Probably American Shorthair, but I like almost all cats.

I had a tuxedo cat that looked almost exactly like this.

Bonus cute cat picture.


----------



## Shred Uhh Sore Us (Jan 20, 2010)

i dont really know shit about cat breeds.
all i know is cats > dogs
period. no matter what breed.


----------



## FluffMouse (Jan 20, 2010)

My absolute favorite is the Turkish Angora, and it's what my fursona mostly is. (Rabbit part is Dwarf Hotot)
Second favorite is the Maine Coon if we're talking housecats.

Wildcats.. my favorite is cheetahs, snow leopards, bobcats, and white tigers.


----------



## Ieatcrackersandjumpcliffs (Jan 20, 2010)

I hate all cats.


----------



## Seas (Jan 20, 2010)

Sphynx and Abyssinian.
I always liked Sphynxes but looking through this thread, Abyssinians seem like pretty cool guys too.


----------



## SpartaDog (Jan 20, 2010)

Lol, guys....tabby is a color, not a breed. So are calico and torti. I should go make a note of that.


----------



## Gnome (Jan 20, 2010)

long hair Norwegian forest cat 



FAVE


----------



## Captain Howdy (Jan 21, 2010)

The dead breed.


----------



## Telnac (Jan 21, 2010)

#1: Toyger
#2: Maine Coon


Guess what the breeds of my 2 cats are.  

[edit] Pics (when they get approved):

Toyger (Riddler)
View attachment 9234

Maine Coon (Oberon)
View attachment 9233


----------



## InuAkiko (Jan 21, 2010)

Abyssinian  and Egyptian mao


----------



## Ibuuyk (Jan 21, 2010)

Himalayan, then Siamese.

Forget the stereotypes saying Siamese cats are aggressive & fucked up in the head, it all depends on how you raise them ._.


----------



## Kolbe (Jan 21, 2010)

Siamese, Russian Blue, and Scottish Fold. I absolutely adore them <3


----------



## Irreverent (Jan 21, 2010)

Dead ones! :twisted:


----------



## PanzerschreckLeopard (Jan 21, 2010)

I want a Russian Blue...


----------



## Hateful Bitch (Jan 21, 2010)

I don't really like cats all that much.

But tabby I guess. Any with that kind of coat.


----------



## Ratte (Jan 21, 2010)

Ibuuyk said:


> Himalayan, then Siamese.
> 
> Forget the stereotypes saying Siamese cats are aggressive & fucked up in the head, it all depends on how you raise them ._.

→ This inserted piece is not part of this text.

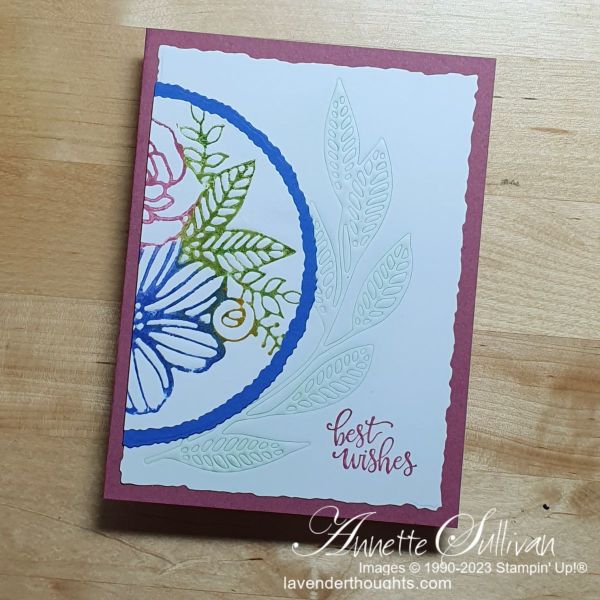 - The large branch die from the same set was used on both cards for the Embossing Using a Die Technique. I inked the die to add very subtle colour to the embossing.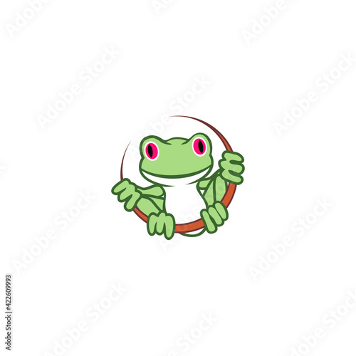 Obraz premium Cute green frog cartoon character icon logo isolated on white background

Never heard that stereotype.  Only heard about them being loud.


----------



## Bir (Jan 21, 2010)

My favorite cat breed is the Maine Coon.


----------



## Lady_Lapin (Jan 21, 2010)

I have a ragdoll, Vince Noir - he's an absolute dote! I love him to bits though, he's big, fluffy and incredibly stupid - more like a big dog stuck in a cat's body!


----------



## InuAkiko (Jan 21, 2010)

Lady_Lapin said:


> I have a ragdoll, Vince Noir - he's an absolute dote! I love him to bits though, he's big, fluffy and incredibly stupid - more like a big dog stuck in a cat's body!


 
Ohgod, I forgot about those. So cute <3


----------



## Ratte (Jan 21, 2010)

Somali and abyssinians are cute.

I like cats more for personality, so any cat will do.


----------



## Gight (Jan 21, 2010)

I have two pure bread, Siberian Cats.


----------



## Akwin (Jan 21, 2010)

Russian Blue!!

Or tabby.....they're both rly cute!


----------



## Jashwa (Jan 21, 2010)

Ratte said:


> Never heard that stereotype.  Only heard about them being loud.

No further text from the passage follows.